The commercial bank model assumed that a borrower would provide a stream of revenue. The banker's job was to find new customers, arrange lines of credit, and then help those customers continue paying by arranging new credit terms or special deals with other bank customers. For instance, a bank with a large construction business as a client would be more likely to lend to a hardware store, since their original customer could use the goods in the new customer's warehouse if something went wrong. Thus, banks tended to be tied to a given industry, and rose and fell with one sector of the economy. Today, this is still done, but it's called "private equity." (there's a great story about a firm buying a fashion magazine and using it to promote "thin belts" as the new fashion item, boosting sales from another company of theirs)

The Investing Banking model assumes that any stream of revenue should be sold to investors. In the short run, this is enormously more profitable because instead giving out a bunch of capital and waiting for loan payments to trickle in, the banker "originates" the loan and sells it to an external investor as a Structured Investment Vehicle (SIV) or Collateralized Debt Obligation (CDO). Thus, issuing loans doesn't affect the capital base of the bank, unless they do something like insure the value of the security, but that's an off-balance sheet transaction and so doesn't count. As a result, the amount of credit available, and thus money creation, is limited only by the amount investors can buy.

This approach also move innovation up the value chain. Instead of employing tens of thousands of commercial bankers to find relatively simple innovations (the builder helping out the struggling hardware store), now the world needs thousands of very smart "quants" to find statical arbitrage. Since banks don't need to keep industry experts on staff, and they have more money to lend, interest rates go down. If something goes wrong, instead of an "offer you can't refuse" to receive help from another bank customer, it's much easier to get an extra bridge loan. As long as there's someone to buy that next security, life is good.

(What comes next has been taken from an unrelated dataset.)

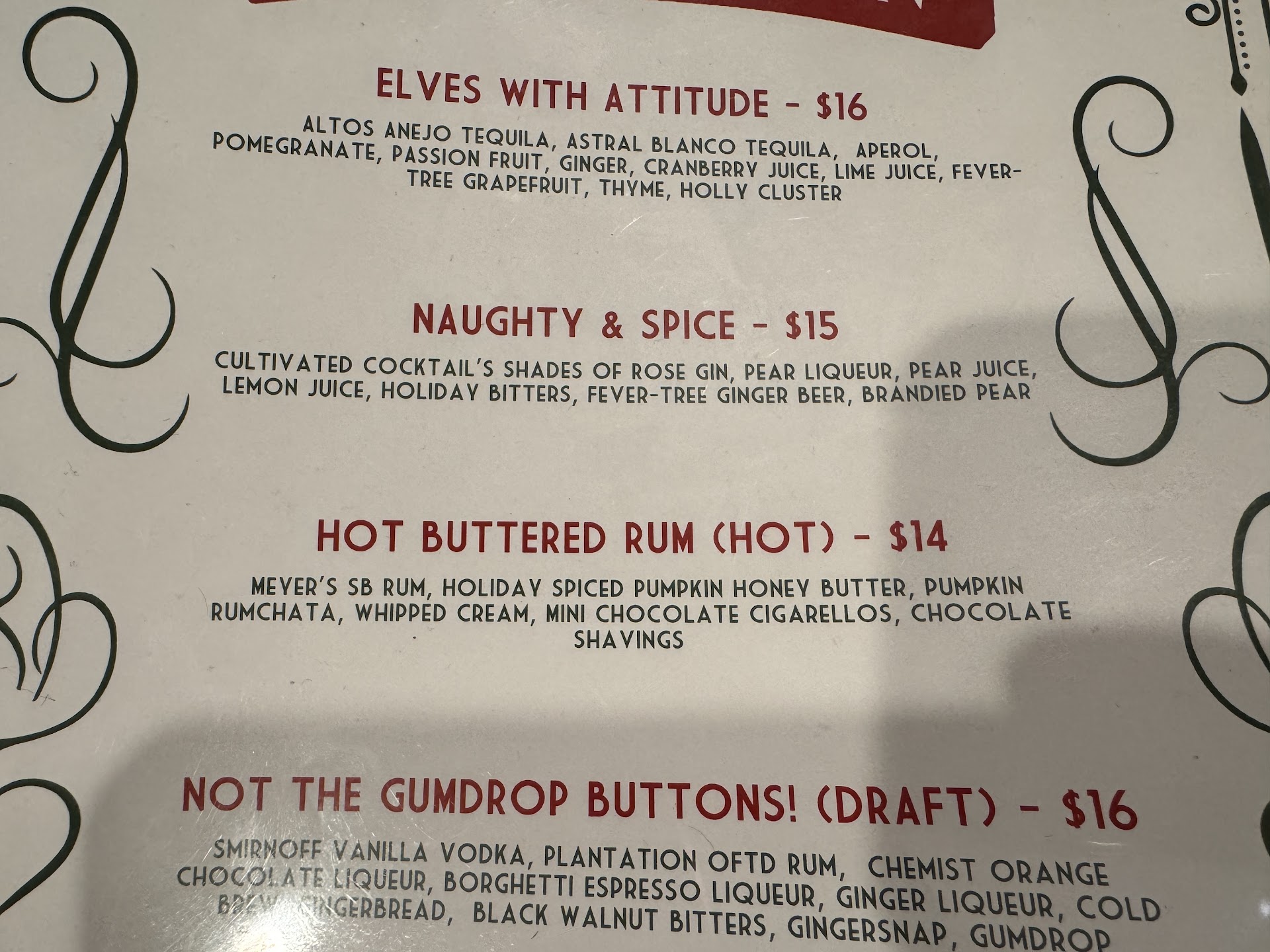 However, they had it decorated pretty festively for Christmas, and again, the cocktail specials were on point! I had a hot buttered rum, and it was beautifully presented. Our server was pleasant. My husband had a Belvedere martini dirty with olives. I also had an “elves with attitude” which was tequila based, and really well balanced! It was served with enough rosemary that the drink almost fell over! Super festive. Almost a baby Christmas tree in my drink.

But what happens when the market for iffy debt saturates? Well, either everyone goes bankrupt together or we go find another sucker. With TARP, the US government promised to be the Sucker of Last Resort, and now the EU's large Eurozone economies have promised to do the same thing for sovereign debt. Is this "find another buyer" model sustainable? I'm starting to doubt it.

Equity markets, social security and Chinese purchases of US Treasury bonds all represent wealth transfer mechanisms that count on relatively young people giving money to their elders. Middle managers at the Chinese central bank and treasury are typically fans of Currency Wars, a book that makes very a clear case that the Politburo's export-subsidizing policies are effectively a huge tax on them. The loudest advocates against any changes to Social Security in the US come from people who also demand no new government revenues, and so the SSA will turn to statical tricks to keep payments reasonable. Stagnating real wages and rising unemployment, especially among people under 30, chokes off the flow of money into 401ks, and so depletes the order books on the NYSE and other exchanges.

I'm thinking that this is actually very good news, net. Moving innovation away from the "real" economy and into finance has encouraged manufacturing and physical R&D to leave the United States. If the most profitable move for a pension fund is to build a wind farm or factory instead of buying the bad mortgages, that has to be good for the country as a whole. The next few years will be rough, but I think we'll emerge with a better world for it.